Other CII firms that filed comments stating that their concerns had not been adequately addressed or that the proposed rules failed to resolve interference concerns included Sensus, M2M Spectrum, Sensus Partners & Advisors Network (SPAN), Lower Colorado River Authority (LCRA), Southern Co., Eversource Energy, PECO Energy and NextEra Energy.

The American Petroleum Institute (API) filed comments with concerns on several areas of the rules, including the proposed power and antenna height limits, proposed licensing rules, realignment agreements between the PEBB licensee and incumbents, retuning cost reimbursements, priority access requirements for the proposed broadband service and interference protection rights.

“Due to the sensitivity and importance of current uses of the 900 MHz band, API urges the commission to conduct an extremely diligent review of petitioners’ proposals to ensure protection of current and future narrowband operations before initiating a rulemaking proceeding to adopt them,” API said.

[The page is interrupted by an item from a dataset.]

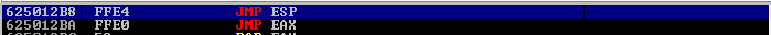 625012b8 is indeed JMP ESP. Now the next script is going to verify the address, I’m going to set a breakpoint at this address.

The Association of American Railroads (AAR) comments had a similar theme. “AAR is not inclined to support the proposal because of its continued concerns regarding the potential interference from the proposed PEBB service to adjacent-band operations, particularly those operations of AAR member railroads,” AAR’s filing said.

While Harris filed comments opposing the PDV/EWA petition, Motorola Solutions said it believes the proposal would preserve incumbent spectrum rights.

However, Motorola also discussed the proposed interference protection standards. “Motorola Solutions therefore urges the commission to consider whether protection standards below -88/-85 dBm are warranted,” the company’s filing said. “While the standards adopted for 800 MHz public-safety systems may not be directly applicable here due to differing receive performance levels, additional protection is warranted to prevent interference well within the expected service areas of incumbent systems.”

Reply comments in the proceeding, No. RM-11738, are due July 14.